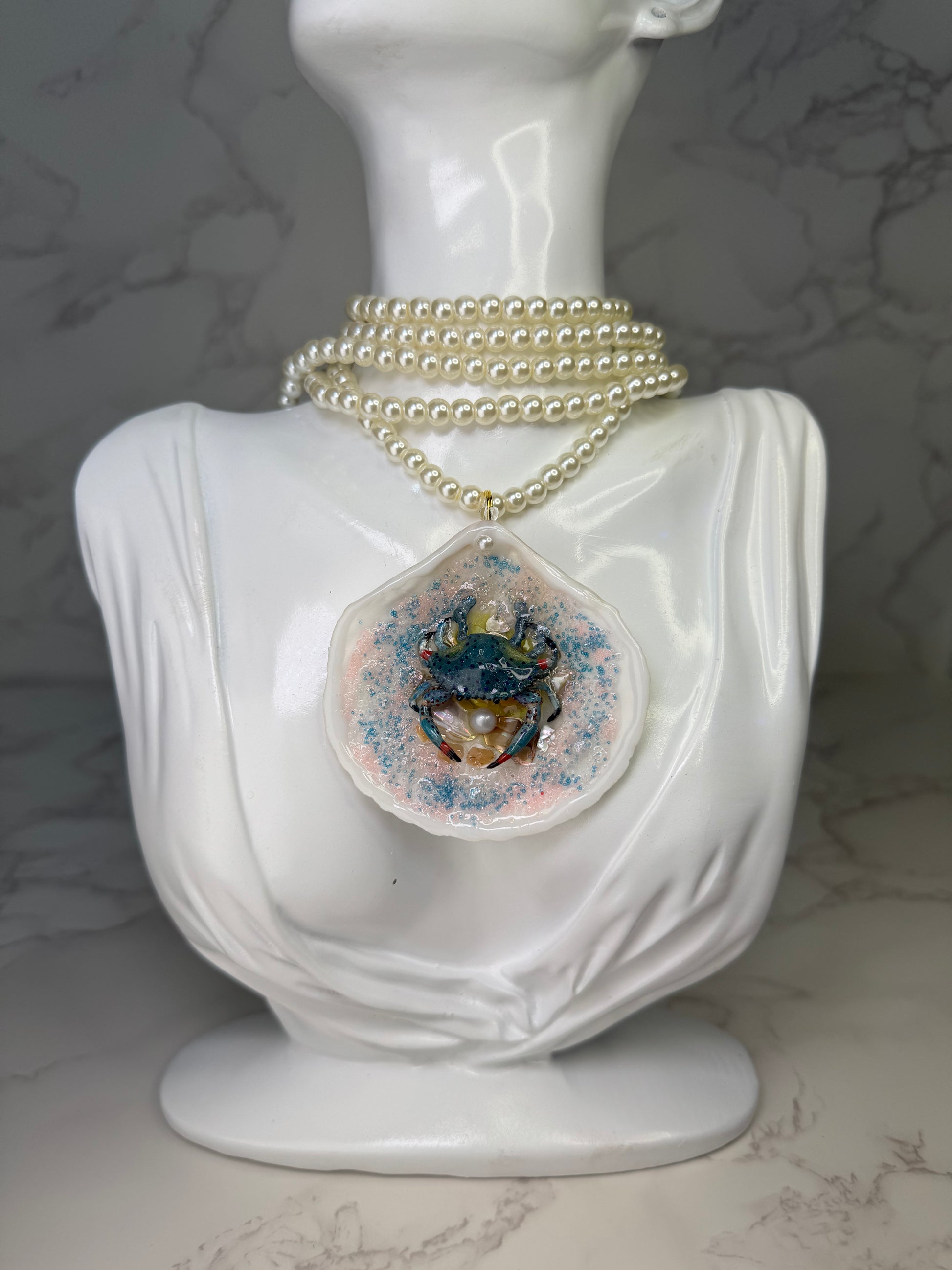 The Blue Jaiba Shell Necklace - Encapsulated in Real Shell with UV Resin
+ + +
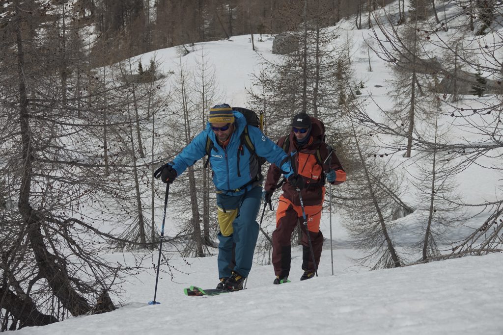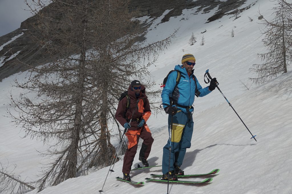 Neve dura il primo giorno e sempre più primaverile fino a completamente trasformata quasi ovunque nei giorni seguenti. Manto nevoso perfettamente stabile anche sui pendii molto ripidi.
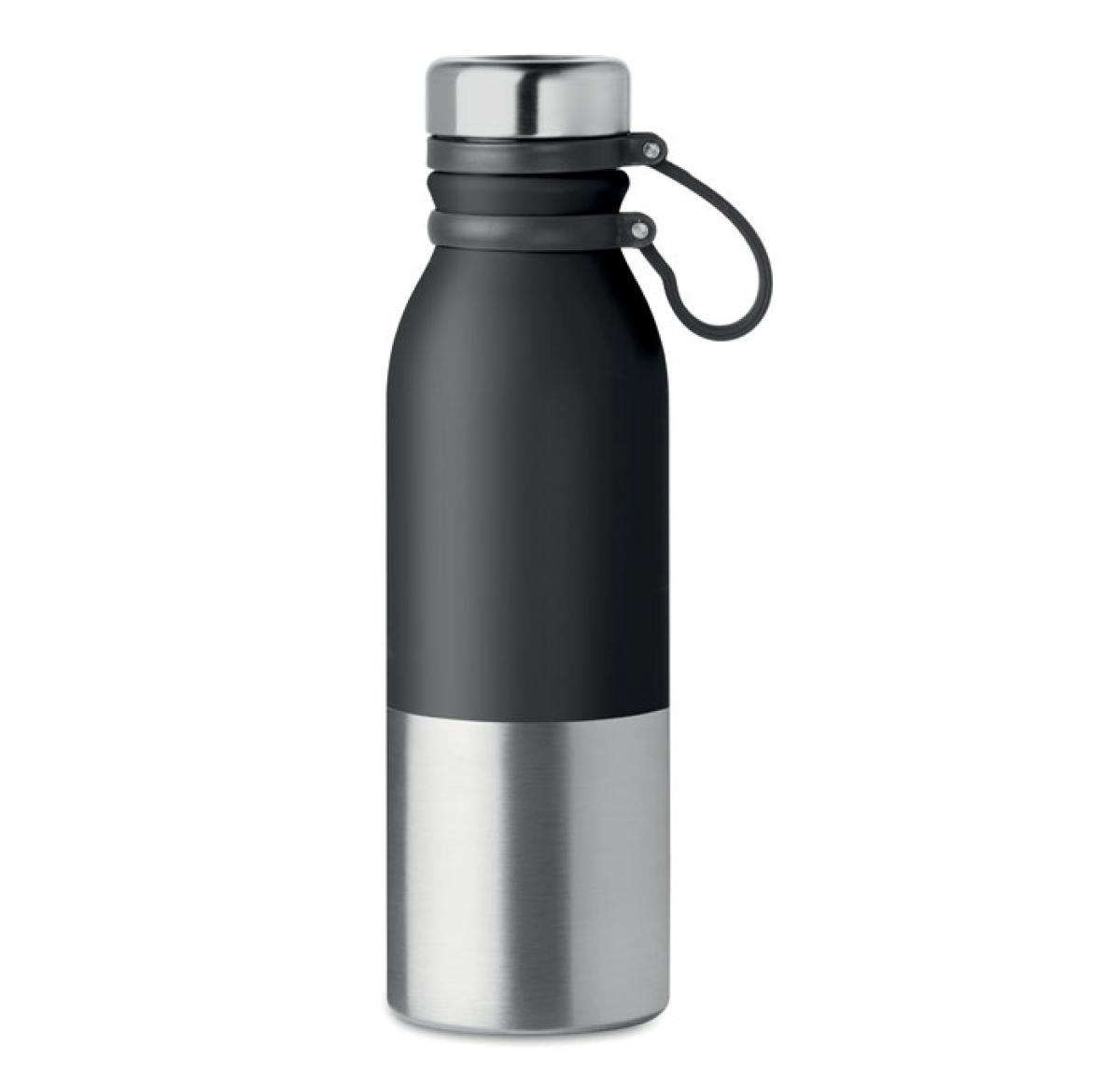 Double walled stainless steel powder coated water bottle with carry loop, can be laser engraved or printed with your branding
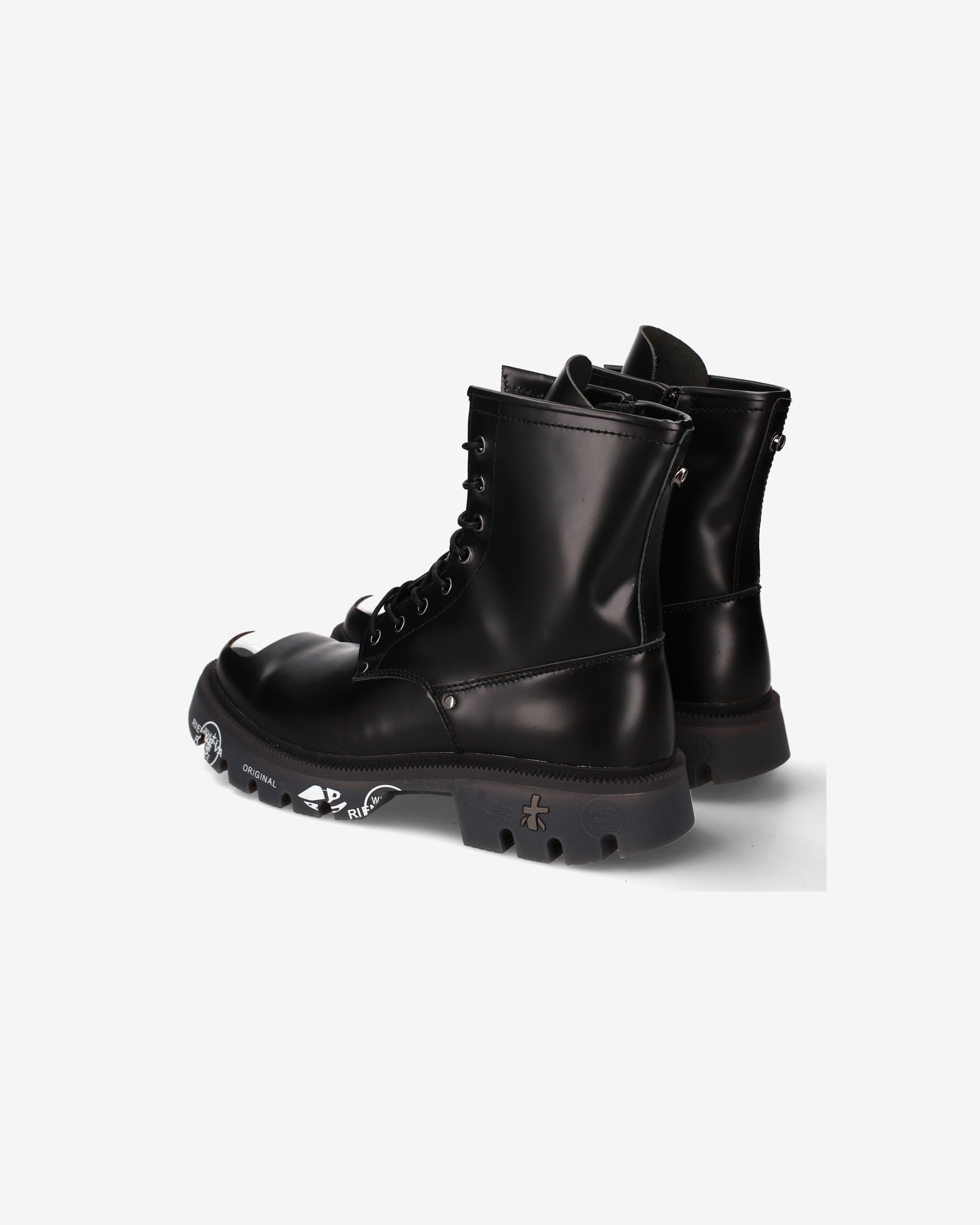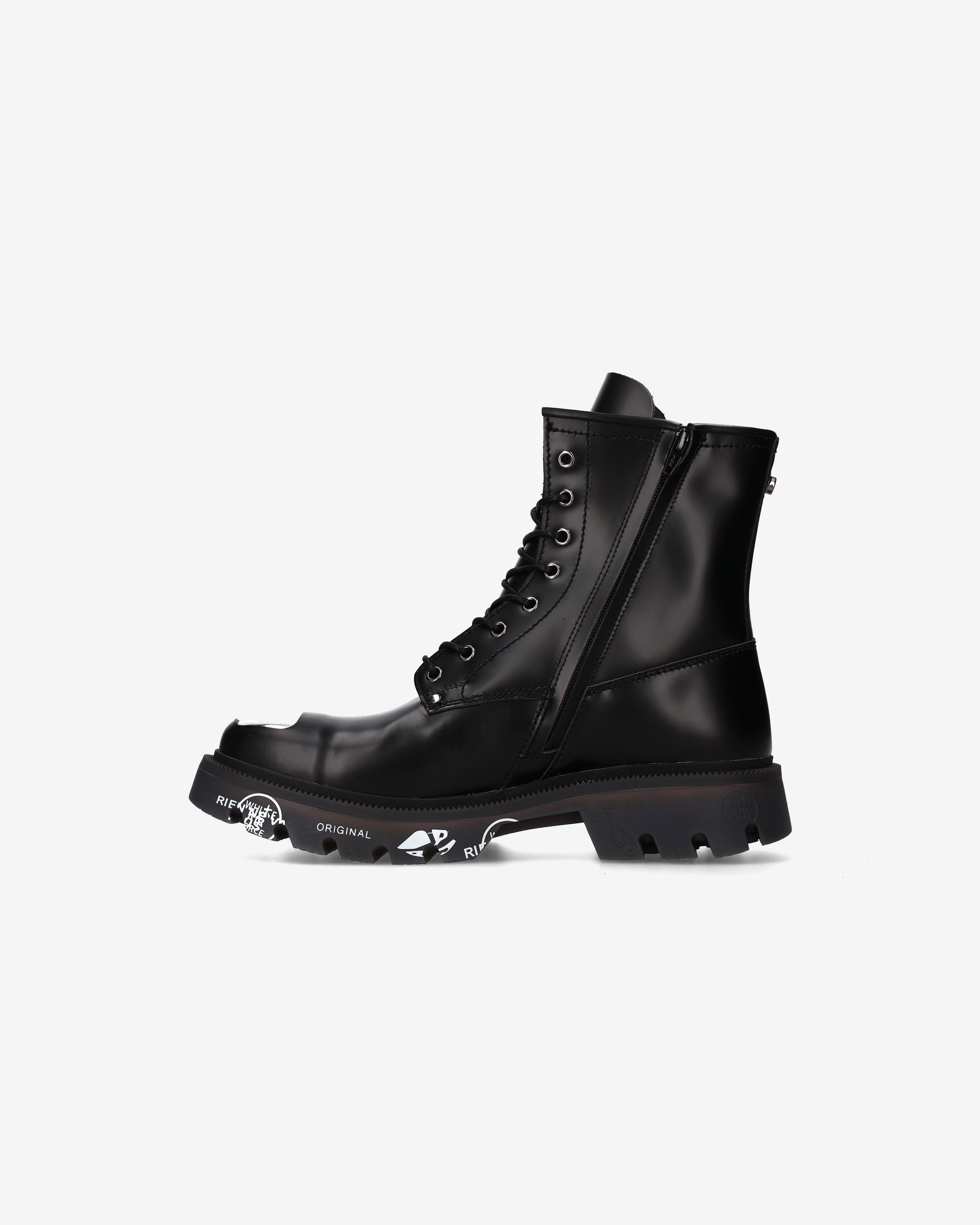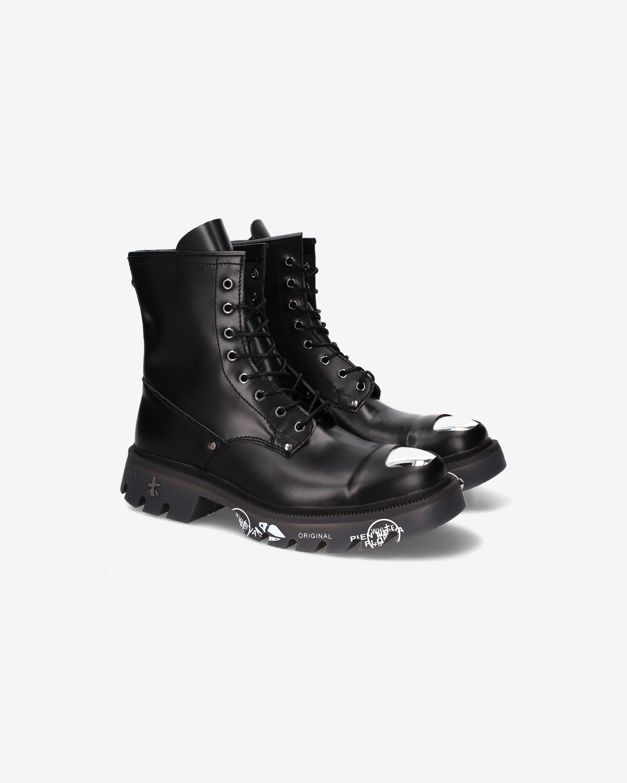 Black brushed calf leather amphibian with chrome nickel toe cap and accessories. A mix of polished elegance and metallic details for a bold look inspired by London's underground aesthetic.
+ + +
(Task item): Look above for the line with "Neve dura il", then print it and each line after it down to and including the line with "Black brushed calf". Leave out the pictures and keep the wording exact.

(Result for this exercise):
 Neve dura il primo giorno e sempre più primaverile fino a completamente trasformata quasi ovunque nei giorni seguenti. Manto nevoso perfettamente stabile anche sui pendii molto ripidi.
 Double walled stainless steel powder coated water bottle with carry loop, can be laser engraved or printed with your branding
 Black brushed calf leather amphibian with chrome nickel toe cap and accessories. A mix of polished elegance and metallic details for a bold look inspired by London's underground aesthetic.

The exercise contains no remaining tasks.